Insect Brains vs. Deep Learning
Opteran just raised seed funding in the amount of £2.1 million to launch a radical lightweight, low-cost silicon-based approach to autonomy called Natural Intelligence.
The company had its roots in eight years of insect-brain research conducted by University of Sheffield Professor James Marshall and Dr. Alex Cope, as part of the Green Brain and Brains on Board projects. Insect brains are very sophisticated and enlist optic flow for depth and distance in navigation, which the pair claim to be more efficient than deep learning techniques.

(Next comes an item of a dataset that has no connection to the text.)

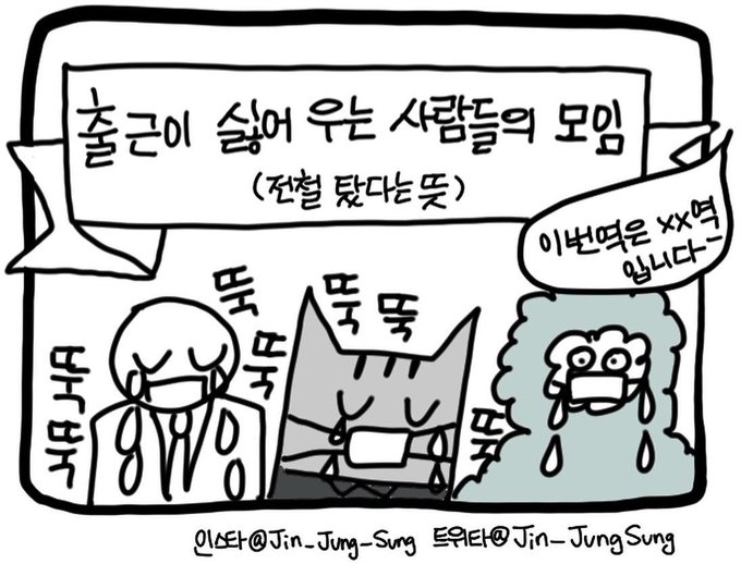 출근이 싫어 우는 사람들의 모임 (전철 탔다는 뜻)
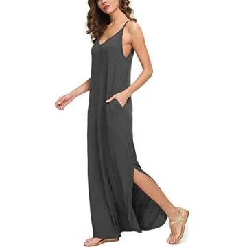 Show moreIntroducing the GRECERELLE Women's Summer Casual Plain Loose Beach Cover Up Long Maxi Dress in Dark Gray. This gorgeous dress is your go-to solution for effortless style during the warmer months. Crafted from a premium blend of 95% rayon and 5% spandex, this maxi dress offers an unbeatable combination of softness and stretch. It glides over your skin, providing ultimate comfort while ensuring a flattering fit. The beautiful dark gray hue serves as a versatile canvas for accessorization, while its unique design makes it perfect for any occasion—from casual outings to beach vacations.

By reverse-engineering insect brains to arrive at algorithms that don’t need data centers or pre-training, Opteran mimics seeing, sensing objects, obstacle avoidance, navigation, and decision making. Amazingly, in a recent trial, Opteran successfully controlled a sub-250g drone with complete onboard autonomy and used less than 10,000 pixels from a single low-resolution panoramic camera. Technology features include a weight of a mere 30g, a requirement of less than a watt of power, and real-time decision-making. Targets for the technology include such robotics applications as autonomous vehicles, drones, mining robots, and off-planet vehicles.

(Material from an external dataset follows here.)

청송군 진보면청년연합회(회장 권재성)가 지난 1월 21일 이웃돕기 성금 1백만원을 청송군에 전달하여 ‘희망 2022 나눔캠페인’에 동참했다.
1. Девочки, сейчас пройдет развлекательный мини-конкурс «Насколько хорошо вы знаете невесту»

Funding will be used to increase algorithm and chipset functionality and to launch further technologies:
- Opteran Sense for greater obstacle avoidance and reactive navigation
- Opteran Direct for SLAM
- Opteran Decide for autonomous decision-making
- Opteran See, a 360-degree camera
The company is also adding engineering and commercial team staff and is launching a partner Development Kit for embedding its technology into applications.